The answer must consist solely of the lines below starting at the one containing "Former CPC UK" and ending at the one containing "Expertly designed for", repeated exactly, with both ends included and all pictures omitted.

#### SUPPLIED DATA:
════
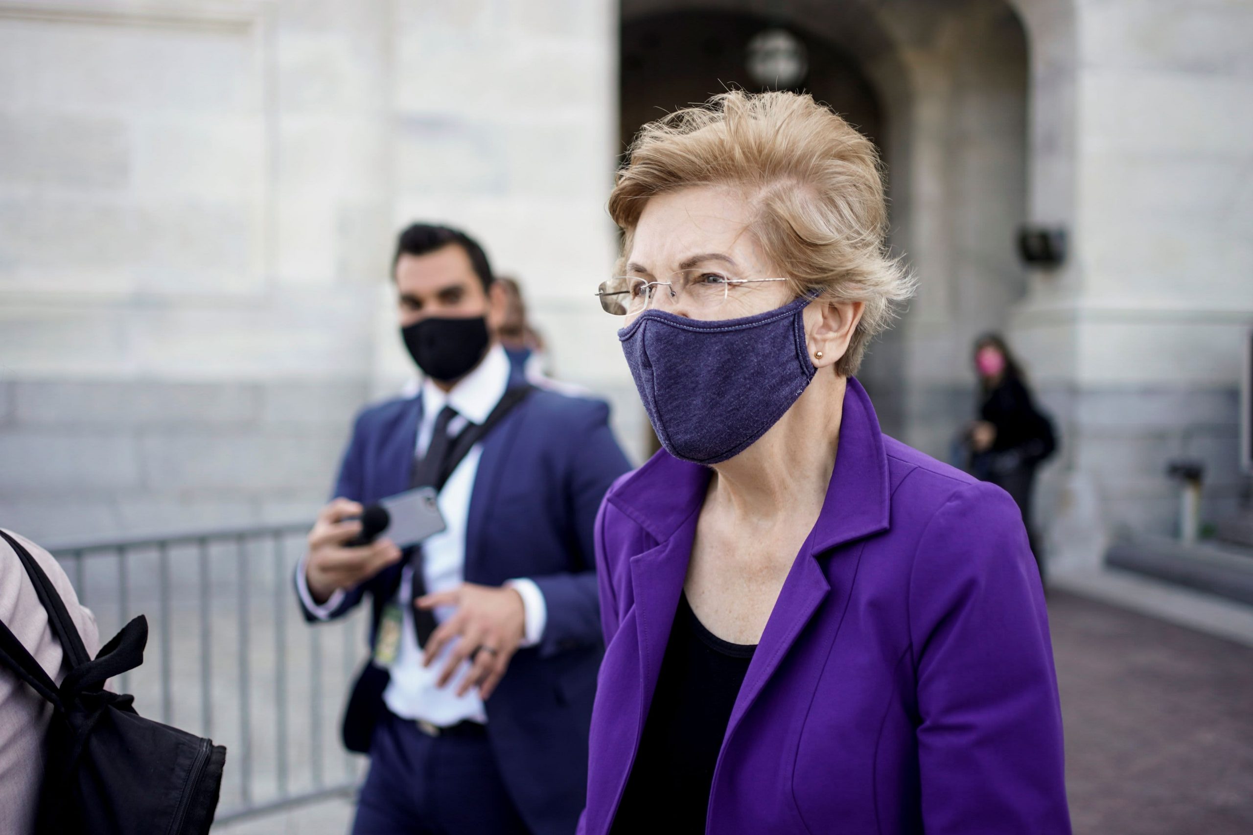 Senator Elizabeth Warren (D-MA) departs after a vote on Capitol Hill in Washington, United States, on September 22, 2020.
════
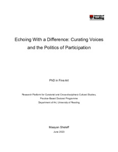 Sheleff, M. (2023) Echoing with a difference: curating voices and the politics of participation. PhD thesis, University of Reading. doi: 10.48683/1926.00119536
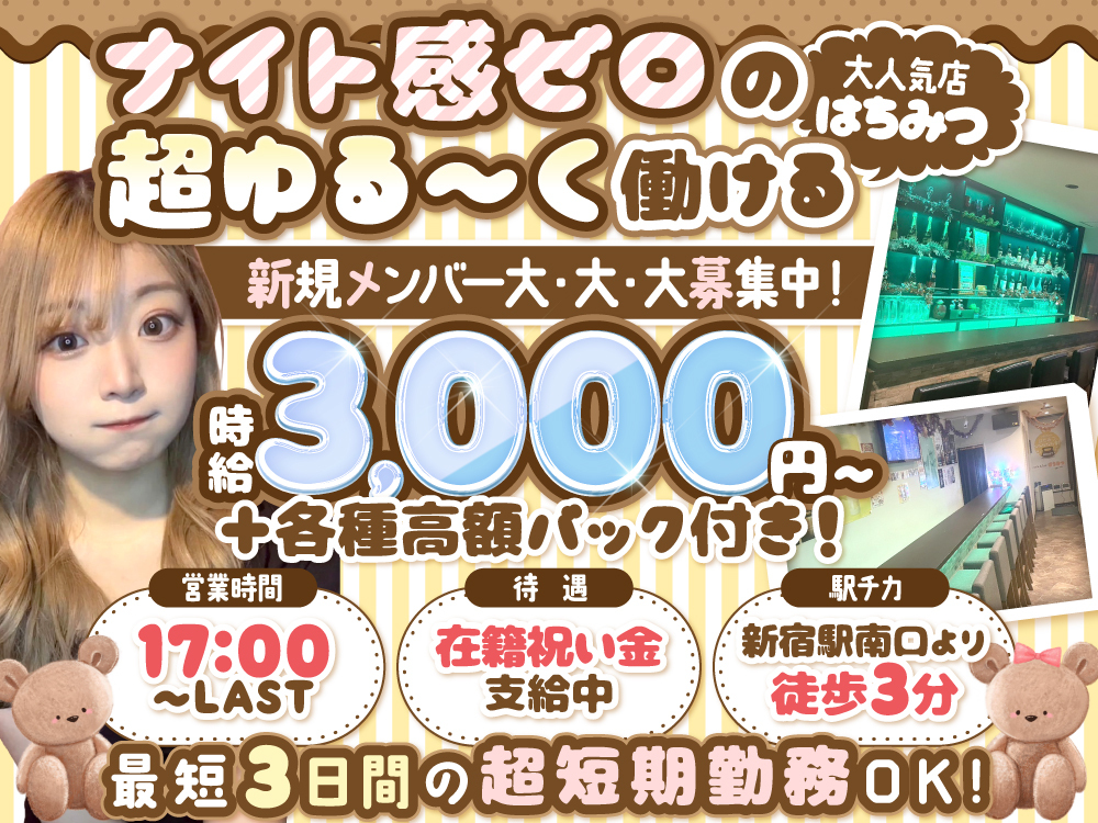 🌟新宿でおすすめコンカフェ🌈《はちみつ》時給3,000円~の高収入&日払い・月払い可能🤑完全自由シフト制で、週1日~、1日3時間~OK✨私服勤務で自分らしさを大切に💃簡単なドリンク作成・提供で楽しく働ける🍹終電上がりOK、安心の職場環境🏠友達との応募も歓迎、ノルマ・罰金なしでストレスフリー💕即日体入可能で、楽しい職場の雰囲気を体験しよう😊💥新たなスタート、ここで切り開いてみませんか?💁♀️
════
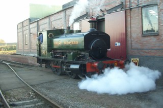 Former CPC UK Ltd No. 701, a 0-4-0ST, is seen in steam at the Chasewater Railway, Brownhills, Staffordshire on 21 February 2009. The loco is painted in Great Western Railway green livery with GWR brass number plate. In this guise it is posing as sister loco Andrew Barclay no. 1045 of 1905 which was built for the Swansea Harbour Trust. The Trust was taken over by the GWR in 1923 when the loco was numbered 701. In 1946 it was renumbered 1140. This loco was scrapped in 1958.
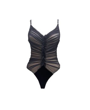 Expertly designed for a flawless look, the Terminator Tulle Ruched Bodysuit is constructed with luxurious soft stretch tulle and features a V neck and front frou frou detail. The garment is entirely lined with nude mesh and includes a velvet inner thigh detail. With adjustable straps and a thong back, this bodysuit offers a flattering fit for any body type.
════
#### ANSWER TO THIS PROBLEM:
 Former CPC UK Ltd No. 701, a 0-4-0ST, is seen in steam at the Chasewater Railway, Brownhills, Staffordshire on 21 February 2009. The loco is painted in Great Western Railway green livery with GWR brass number plate. In this guise it is posing as sister loco Andrew Barclay no. 1045 of 1905 which was built for the Swansea Harbour Trust. The Trust was taken over by the GWR in 1923 when the loco was numbered 701. In 1946 it was renumbered 1140. This loco was scrapped in 1958.
 Expertly designed for a flawless look, the Terminator Tulle Ruched Bodysuit is constructed with luxurious soft stretch tulle and features a V neck and front frou frou detail. The garment is entirely lined with nude mesh and includes a velvet inner thigh detail. With adjustable straps and a thong back, this bodysuit offers a flattering fit for any body type.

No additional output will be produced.